Questions to ax about ax throwing

By Marla Boone - Contributing columnist

It was a sign to make you stop the car. “Adult Beverages and Ax Throwing.” A natural combination if ever there was one.

I have thrown an ax once or twice. It’s harder than it looks. And I have indulged in adult beverages on many occasions. It’s easier than it looks. What I have never done is both these things at the same time. Before I saw the sign, it never occurred to me this might be a good or even an acceptable idea. Now it seemed irresistible.

As an aside, let me explain this sign was not in the Miami Valley. It was in a tourist spot southeast of here…a spot many people visit on vacation. People on vacation do odd things, things they would not dream of doing when at their own homes. They parasail, for instance. Folks who normally are fairly adamant about keeping both feet on the ground will go on vacation and immediately have an epiphany such as “Do you know what would be great? It would be great if we had total strangers, most of whom speak a language with which we are not conversant, strap us to a giant parachute and then launch us from a boat of uncertain provenance out over a very large ocean. And we could pay them to do this and then give them a tip at the end. That’s what would be great. After parasailing, we can board a huge, unstable-looking vessel with the words ‘Zip Boat’ painted on the side and we can let someone who appears to be twelve years old drive us at full throttle around the same ocean, making wild three-sixty degree turns at approximately Mach 3. Sure there are seven foot waves and sure they ran out of crash helmets an hour ago, but we’re on vacation and are obligated to act like this.”

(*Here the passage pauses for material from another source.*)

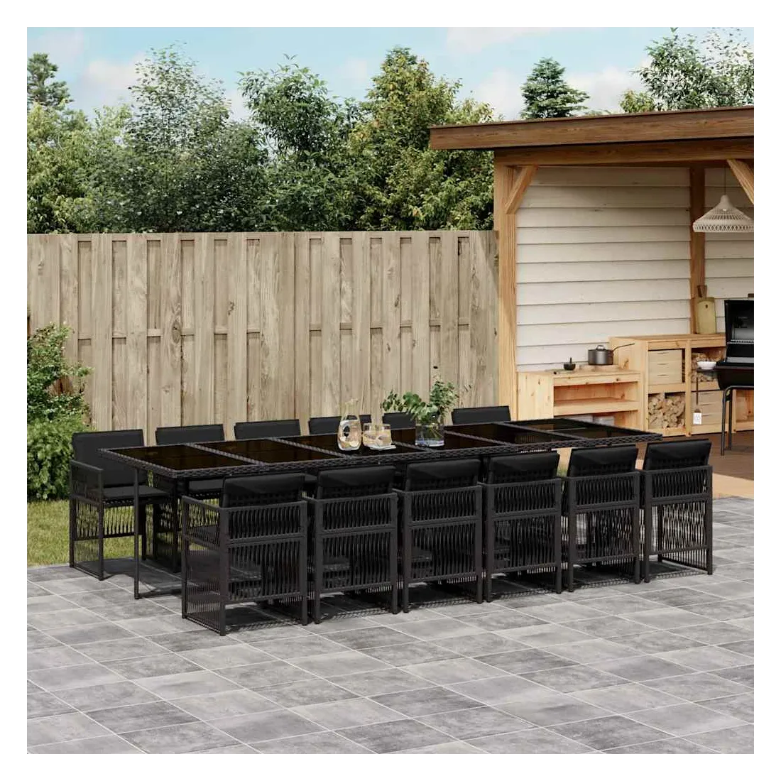 Cet ensemble de salle à manger de jardin est un excellent choix pour les repas en plein air ou pour vous détendre dans le jardin, dans l'arrière-cour ou sur la terrasse. Matériau durable : la résine tressée, également connue sous le nom de poly rotin, est un matériau synthétique solide et nécessitant peu d'entretien qui ressemble au rotin naturel. Il est léger, facile à nettoyer et couramment utilisé pour les meubles d'extérieur en raison de sa durabilité et de ses propriétés de résistance aux intempéries.Rangement compact : ces chaises sont dotées d'un dossier rabattable, ce qui permet de les ranger facilement sous la table. Une fois pliées, elles se rangent parfaitement sous la table, formant un cube peu encombrant.Expérience d'assise confortable : ce mobilier d'extérieur, doté de coussins épais, offre une expérience d'assise confortable.Housse amovible et lavable : ces coussins sont dotés de housses amovibles pour un lavage et un entretien faciles. Les housses de coussin ont un rabat à l'arrière pour une fixation facile aux dossiers.Dessus en verre : le dessus de la table d'extérieur est fabriqué en verre trempé solide et durable, ce qui le rend facile à nettoyer avec un chiffon humide et ajoute une touche d'élégance à votre espace extérieur. Bon à savoir : Pour que vos meubles d'extérieur restent beaux, nous vous recommandons de les protéger avec une housse imperméable.

As I entered the bar/potential blood-letting venue, I could see other people inquiring about throwing an ax. A woman who looked as though she explained this every hour of every day of every week related with all the enthusiasm you might expect that “They’re not really axes. They’re hatchets.” She said this as though it made a huge difference in the outcome. They guy at the counter doing the asking looked at the instruments on hand and opined, “They’re not hatchets. They’re tomahawks.” I swear I am not making this up. Not being an aficionado of airborne lethal weapons I was not inclined to argue with him but this guy needed no encouragement at all. Apparently it has something to do with the length or the curvature of the handle.

Because I am a total neophyte I did what writers have always done when faced with either an unknown subject, a desire to be completely accurate, or a need to compose at least eight hundred words; I Googled ax throwing. The rules are simple enough. But because Google never just Googles, I also found these helpful sidebar questions: How much do you tip for an ax throwing session? How many calories do you burn while ax throwing? And, my personal favorite … Is ax throwing safe?

The web site I Googled, and therefore the world authority, indicated most ax throwing establishment owners think it is a bad idea to drink and throw. Why, that wouldn’t be safe. That wouldn’t be following the guidelines of the World Ax Throwing League. This does not, however, preclude at least one of them from posting the sign that impelled me to stop the car.

Speaking of the guidelines of the World Ax Throwing League, I’d like to share a few of the most important ones with you. The best one is one that should be adopted by every sport in the universe, starting with Little League: Non-players do not have the right to argue or challenge any calls made by the league coach or referee. The rules include a very lengthy explanation of the names for different parts of the ax/hatchet/tomahawk, nearly all of which are human body parts. Irony lives. The second best part is where it is explained that if the referee holds up one finger, that means one. If he/she holds up two fingers, that means two. If three … three. If four, guess what? Four. The detail was agonizing but as a non-player I didn’t feel qualified to question it.

The final section of the rules addresses injuries. If an injury occurs in ax throwing my feeling is it’s going to be a doozy, possibly involving limb reattachment surgery. The thrower and league official have two minutes to decide if an injury is too severe for the thrower to continue, assuming the heads of both these people are still attached.

So, for an exciting and memorable night out, try ax throwing. Bring your friends. Or, better yet, your enemies.

By Marla Boone

Contributing columnist

Marla Boone resides in Covington and writes for Miami Valley Today.

Marla Boone resides in Covington and writes for Miami Valley Today.